Angel Castillo (Executive Director and Head of U.S. Machinery and Construction Equity Research)
That's very helpful, thank you. Maybe could you touch on, you know, I guess comment on what you kind of perceive would be the fair value for this business given the current demand backdrop and everything you just discussed. Importantly, as it pertains to potentially different avenues to divest, any concerns over the current geopolitical kind of environment and whether that limits the potential range of interested parties in these assets. I guess I'm asking because there's been other construction OEMs who put on pause some intentions to sell assets due to geopolitical challenges, maybe limiting international parties from moving forward. Just curious if you could comment on that.
Simon Meester (President and CEO)
Yeah, I'm not going to comment on any kind of valuation. I think that would be too premature on this call. In terms of its appeal, I mean it's one of the leading brands in its space. It's a very strong business with a strong brand. We have a level playing field in its addressable market, which means that there's no immediate risk for any kind of dumping activities in North America and Europe. It's an attractive end market and it has a pretty strong U.S. base. Quite honestly, I see it as the exact opposite.

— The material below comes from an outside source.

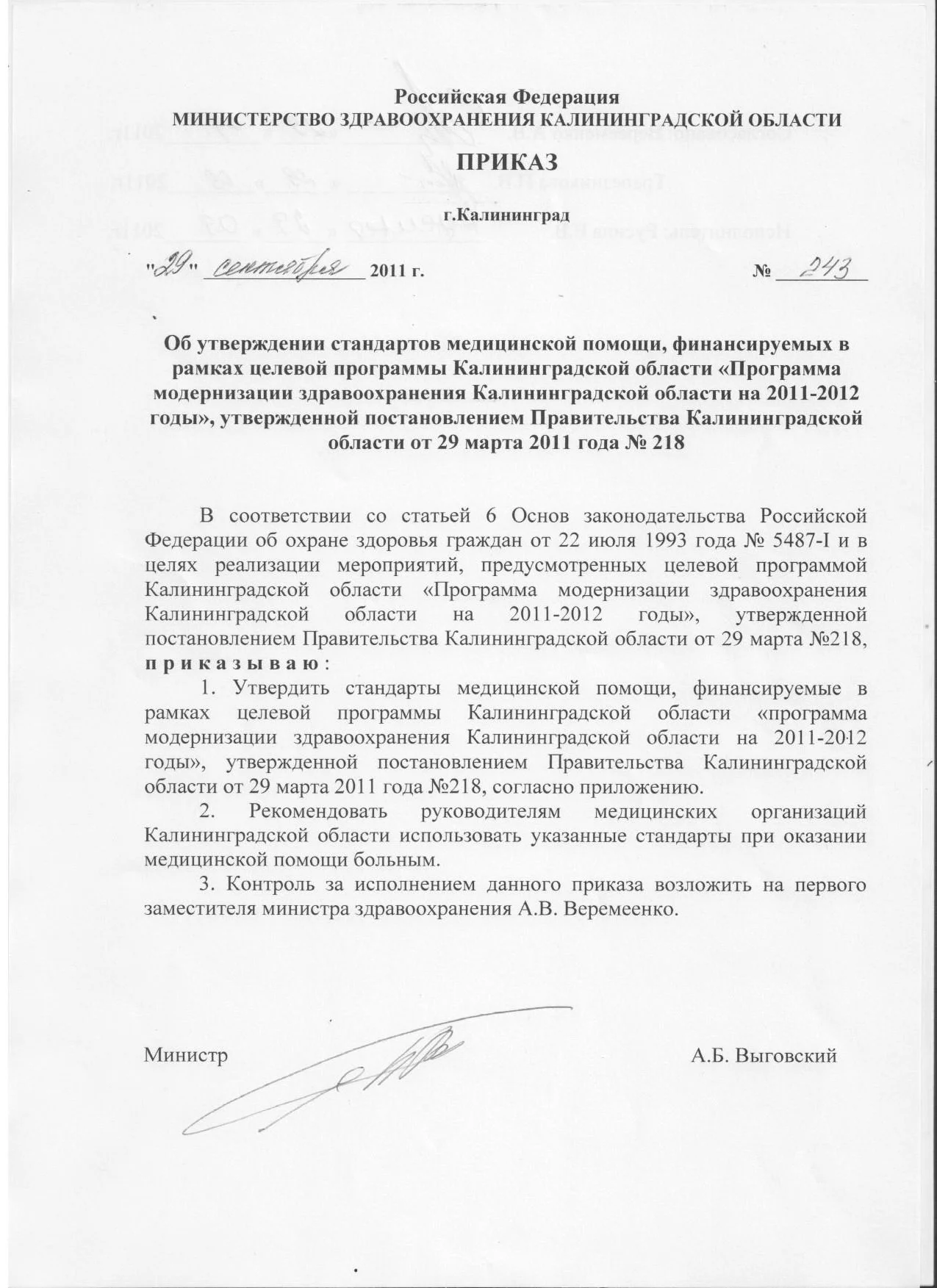 | Приказ Министерства здравоохранения Калининградской области от 29 сентября 2011 г. N 243 Опубликован 30.09.2011 |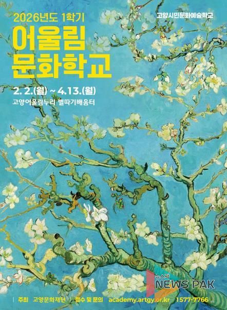 뉴스팍 배상미 기자 | 고양문화재단이 운영하는 고양시민문화예술학교 '2026 어울림문화학교 1학기'가 2월 2일부터 4월 13일까지 진행된다. 이번 학기는 겨울의 끝자락에서 새로운 봄의 계절을 맞이하는 설렘을 담아 총 38개 프로그램 59개 반으로 운영된다.

I see it as a very interesting asset that could give any owner a meaningful footprint in a very attractive end market and a big part of that being the United States and Europe, which is about 90% of it anyway, if not more. I see it as the completely opposite.
I think it's a very attractive asset to own.
Angel Castillo (Executive Director and Head of U.S. Machinery and Construction Equity Research)
Very helpful. Thank you, and again, congrats.
Simon Meester (President and CEO)
Thank you.
Operator (participant)
We have a question from Steve Barger from KeyBanc. Sir, please go ahead.
Steve Barger (Managing Director and Equity Research Analyst)
Hi. Thanks for getting me in, and sorry I didn't have time to look this up, but can you tell me the dollar amount and duration in years of REV Group's backlog and maybe the concentration of it by product category, if you report that
Mark Skonieczny (President and CEO)
We don't.
Report it by product category. Amy, you want to take that. $4.5 billion all in and two to two and a half year backlog. I won't comment on that.
Amy Campbell (CFO)
You answered the question pretty well there, Mark.
No, that's correct.
We have a $4.5 billion backlog. We do break that out. $4.2 billion of that and what we.
Consider our Specialty Vehicle segment, about $300 million, is in our Recreational Vehicle segment.
That two to two and a half year backlog is strictly for those fire trucks and ambulances.
Steve Barger (Managing Director and Equity Research Analyst)
Got it. There are other fire truck and municipally oriented companies out there that in some cases have higher than current margins embedded in backlog due to strong pricing. Is that the case with REV Group as well?
Amy Campbell (CFO)
Yes.
We have the same.
During the pandemic, we saw backlogs for.
Special for fire and emergency equipment manufacturers increase across really all brands and you.
All of the providers of that equipment have been working through those backlogs and continue to work through those backlogs.
Steve Barger (Managing Director and Equity Research Analyst)
Got it. Thanks very much.
Operator (participant)
Thank you. That concludes our question and answer session. I'd now like to turn the call back to Mr. Simon Meester for closing remarks.
Simon Meester (President and CEO)
All right, thank you. Thank you for your questions today. I want to just re-emphasize how excited we are by today's announcement. We are merging two great companies, creating a low cyclical portfolio with strong synergies, a better margin profile, a U.S.-centric footprint, leading brands, and last but not least, a low capital intense kind of structure. We're very excited on how this sets up and develops value that it brings to our shareholders. With that, I want to thank you. If you have any additional questions, please follow up with the respective investor relation leads. Operator, please disconnect the call.
Operator (participant)
This concludes today's session. You may now disconnect.